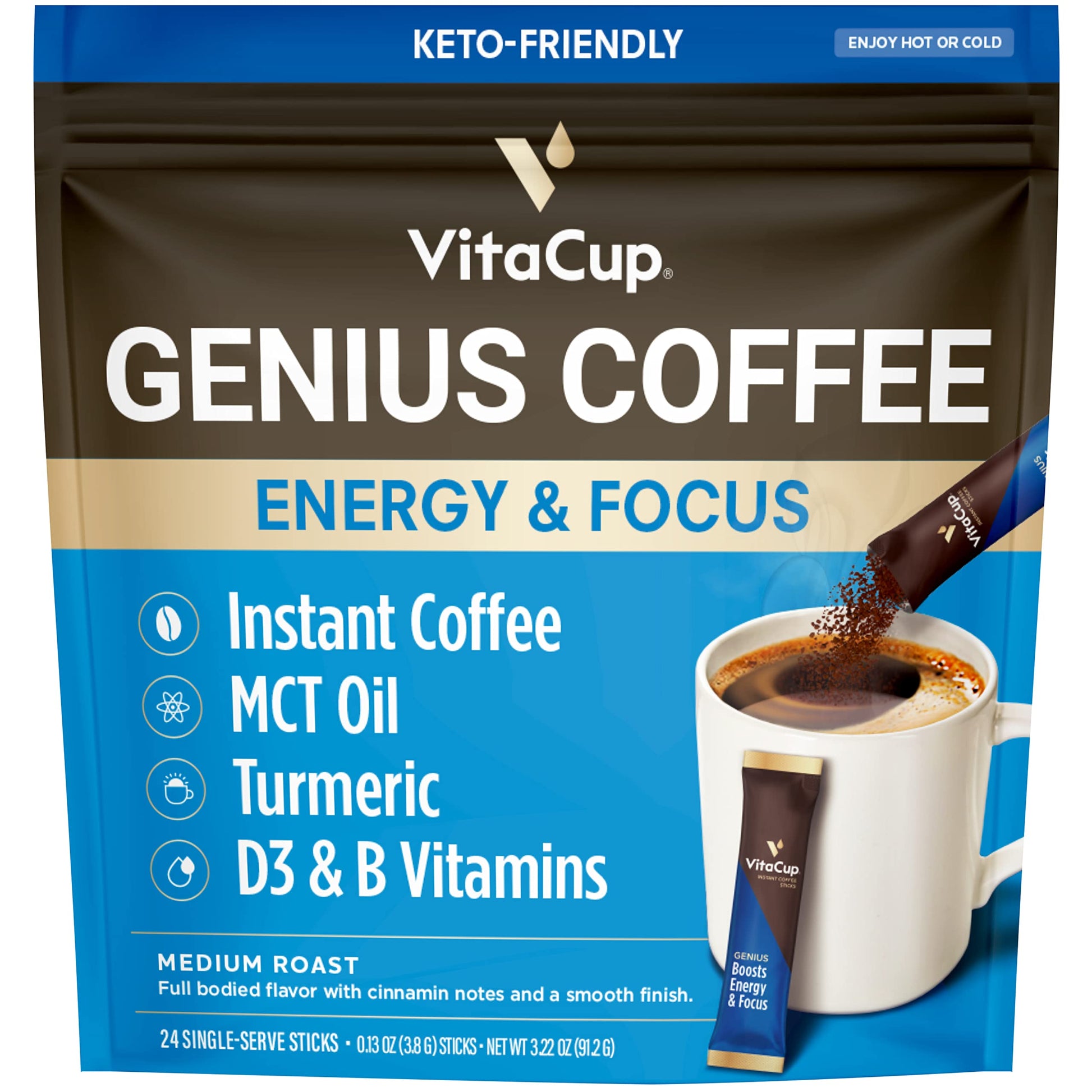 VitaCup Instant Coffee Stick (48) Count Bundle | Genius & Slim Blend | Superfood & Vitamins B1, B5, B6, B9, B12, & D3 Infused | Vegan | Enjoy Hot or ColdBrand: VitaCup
__________
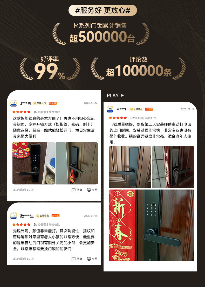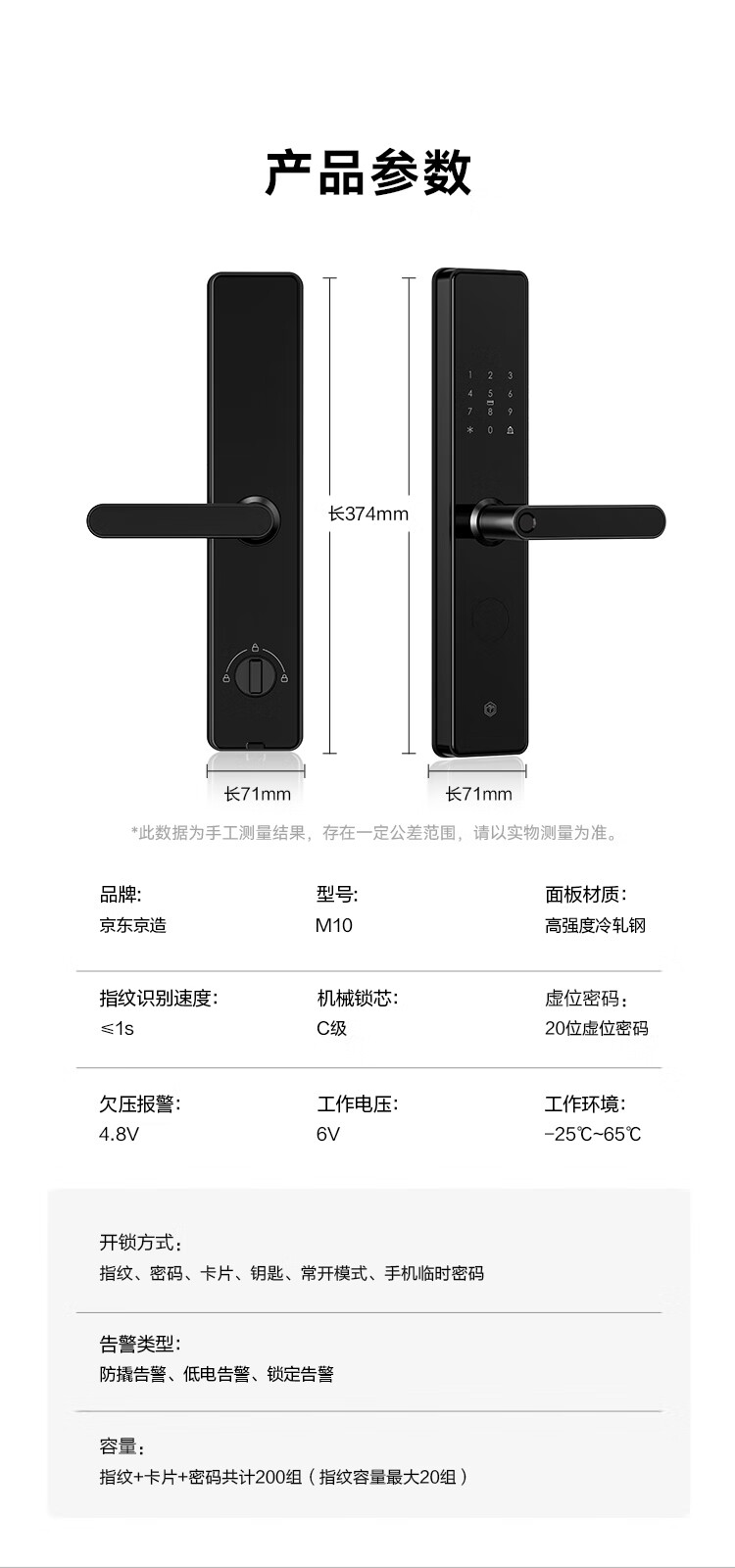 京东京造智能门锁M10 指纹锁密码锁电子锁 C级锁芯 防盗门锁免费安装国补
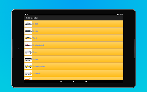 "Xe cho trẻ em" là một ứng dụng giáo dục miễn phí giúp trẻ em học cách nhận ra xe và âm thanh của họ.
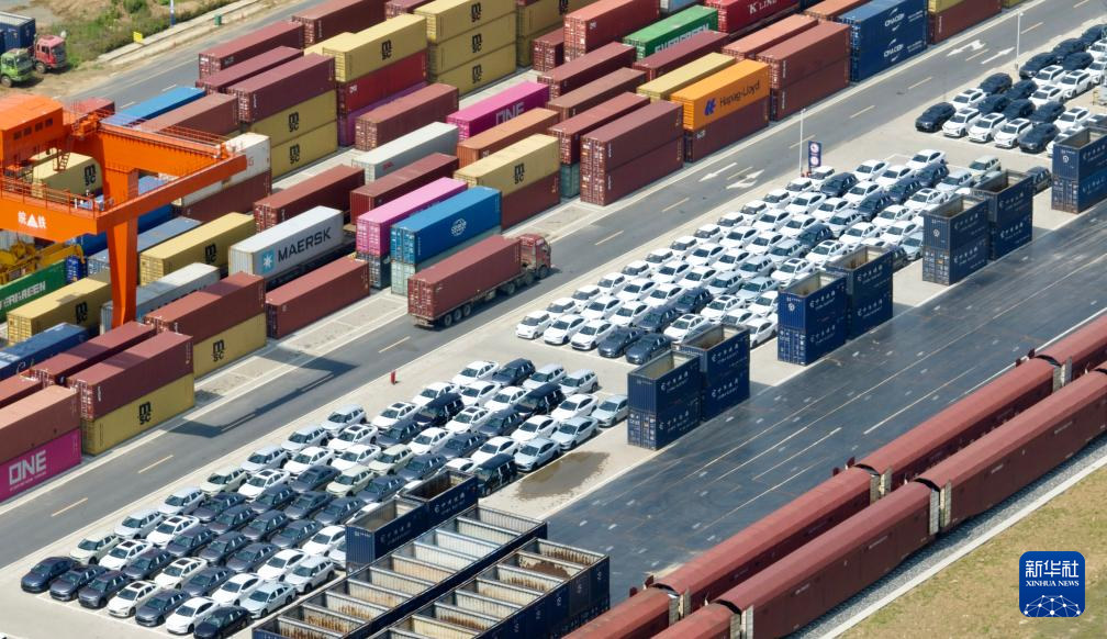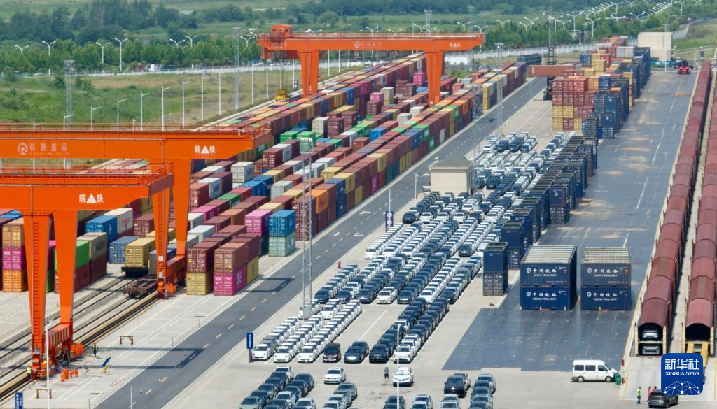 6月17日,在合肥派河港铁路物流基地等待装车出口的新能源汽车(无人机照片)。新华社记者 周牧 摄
__________
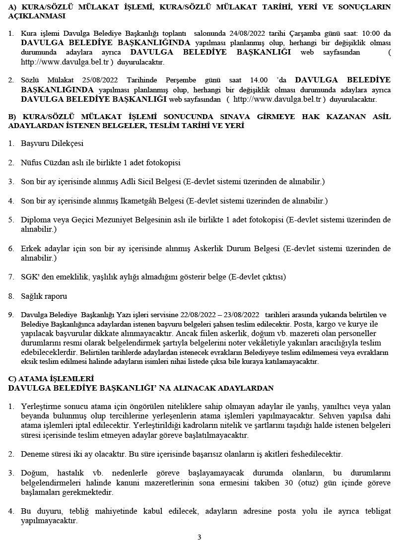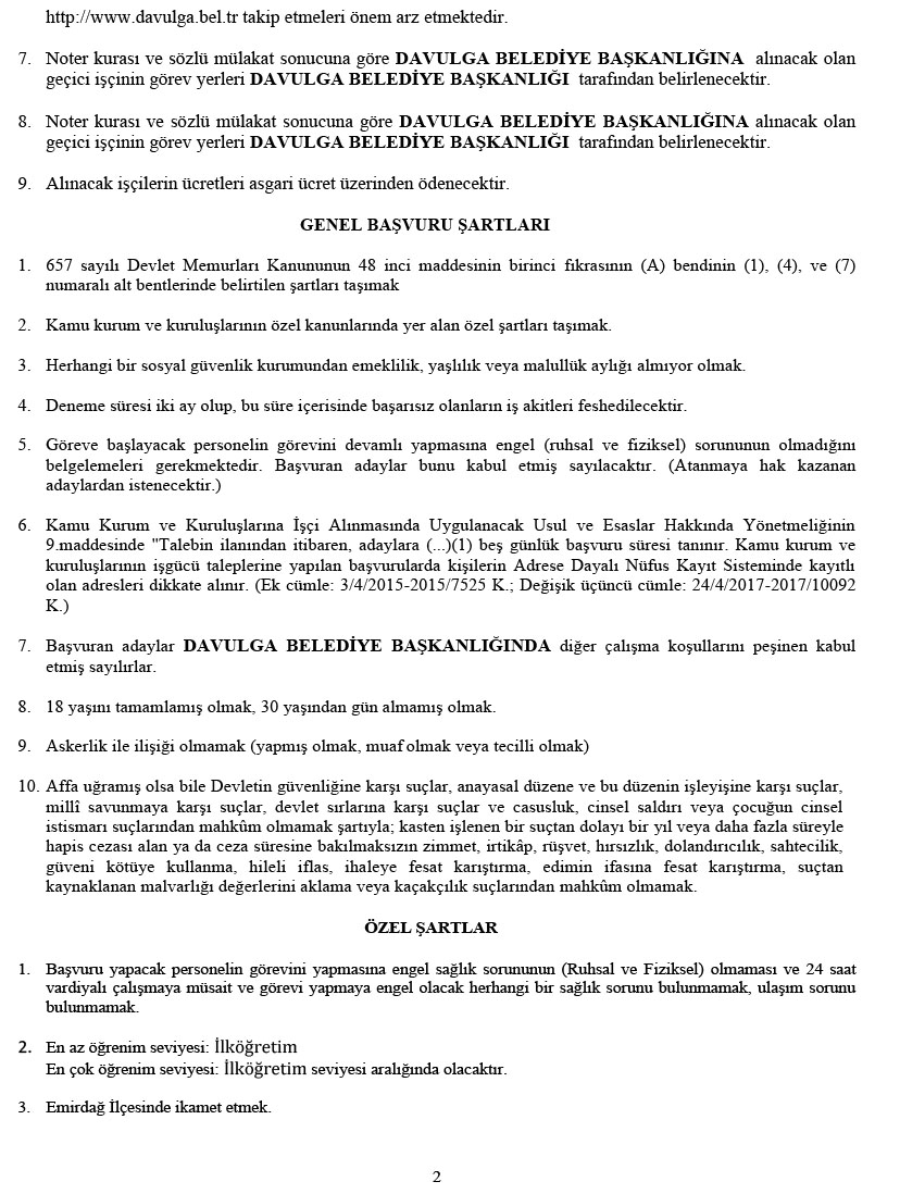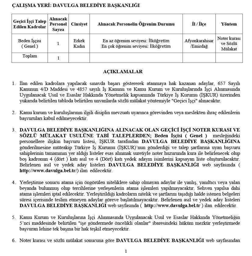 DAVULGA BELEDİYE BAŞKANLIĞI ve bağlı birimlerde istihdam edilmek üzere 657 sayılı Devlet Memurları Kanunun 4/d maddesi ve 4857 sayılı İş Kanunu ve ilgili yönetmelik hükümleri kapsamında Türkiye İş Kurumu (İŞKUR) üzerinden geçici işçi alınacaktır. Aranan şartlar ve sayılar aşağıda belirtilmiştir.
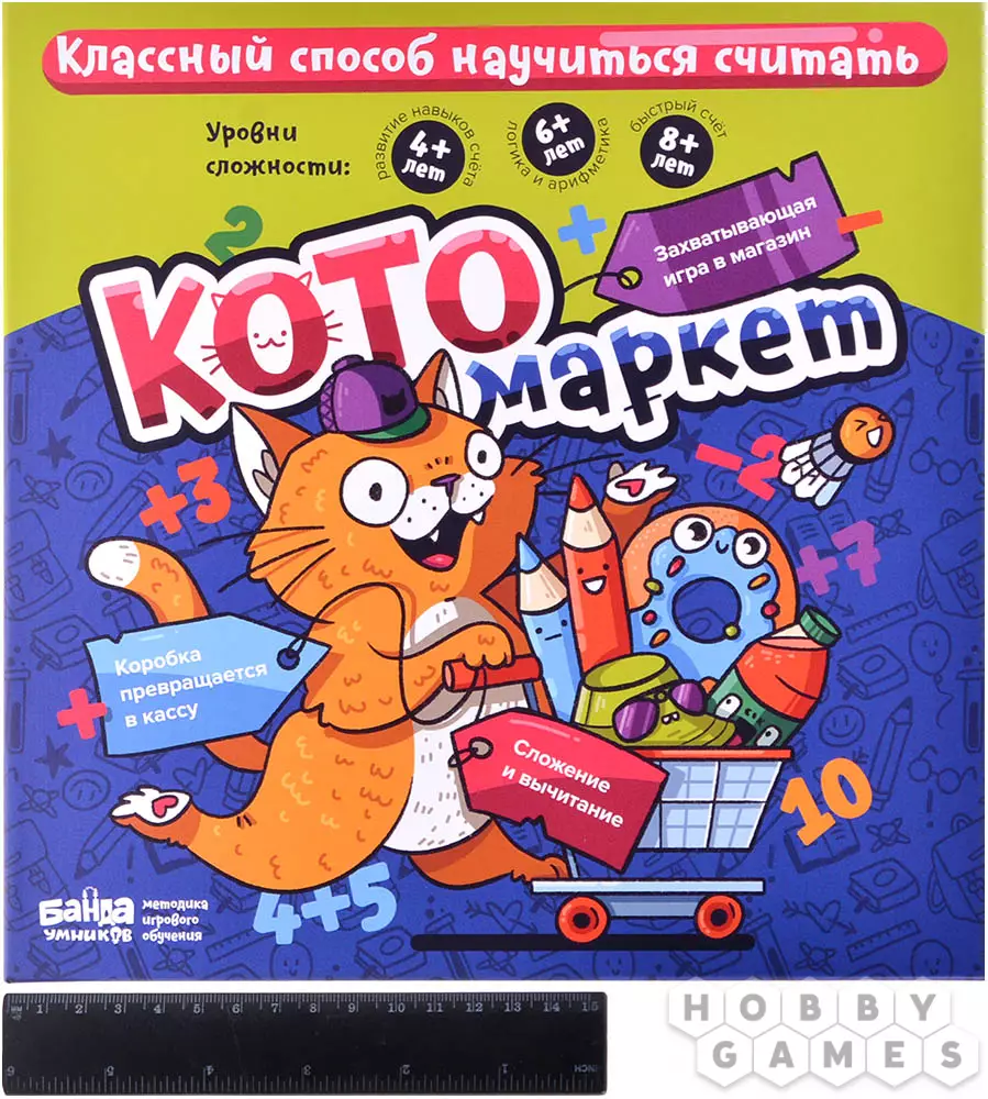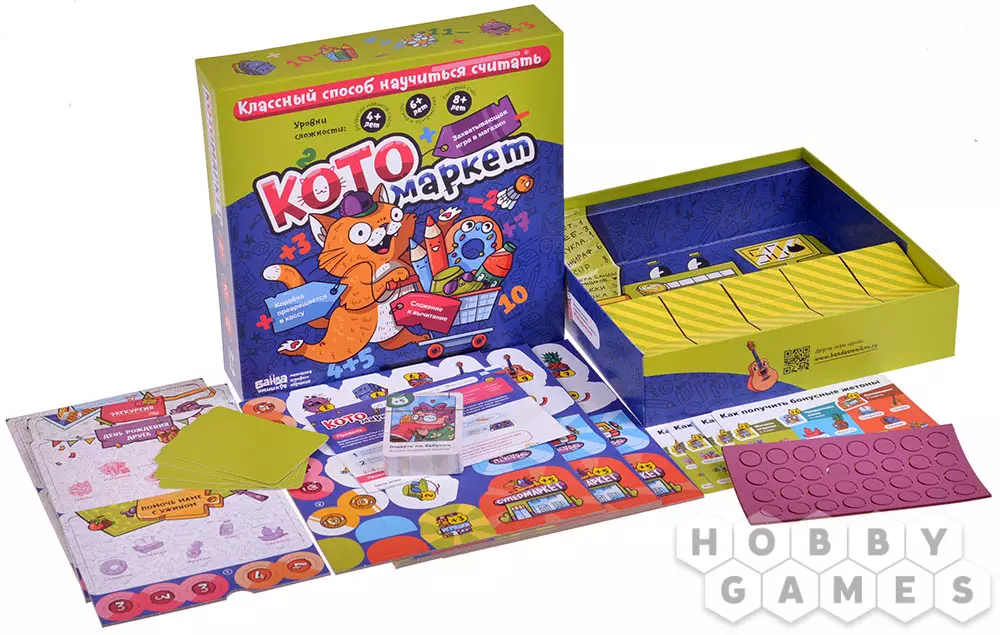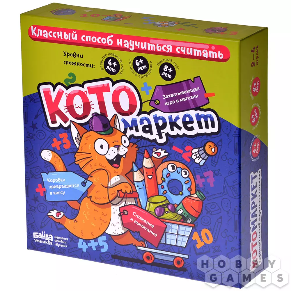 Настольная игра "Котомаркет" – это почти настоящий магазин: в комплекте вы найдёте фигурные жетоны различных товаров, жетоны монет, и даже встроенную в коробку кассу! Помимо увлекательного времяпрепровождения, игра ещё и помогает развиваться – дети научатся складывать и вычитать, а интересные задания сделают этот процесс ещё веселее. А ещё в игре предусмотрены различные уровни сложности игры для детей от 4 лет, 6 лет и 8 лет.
__________
# What this task involves:
With the pictures omitted, restate word for word the lines above from the line that has "京东京造智能门锁M10 指纹锁密码锁电子锁 C级锁芯 防盗门锁免费安装国补" up to and including the line that has "6月17日,在合肥派河港铁路物流基地等待装车出口的新能源汽车(无人机照片)。新华社记者 周牧 摄", and no other lines.

# Written reply:
 京东京造智能门锁M10 指纹锁密码锁电子锁 C级锁芯 防盗门锁免费安装国补
 "Xe cho trẻ em" là một ứng dụng giáo dục miễn phí giúp trẻ em học cách nhận ra xe và âm thanh của họ.
 6月17日,在合肥派河港铁路物流基地等待装车出口的新能源汽车(无人机照片)。新华社记者 周牧 摄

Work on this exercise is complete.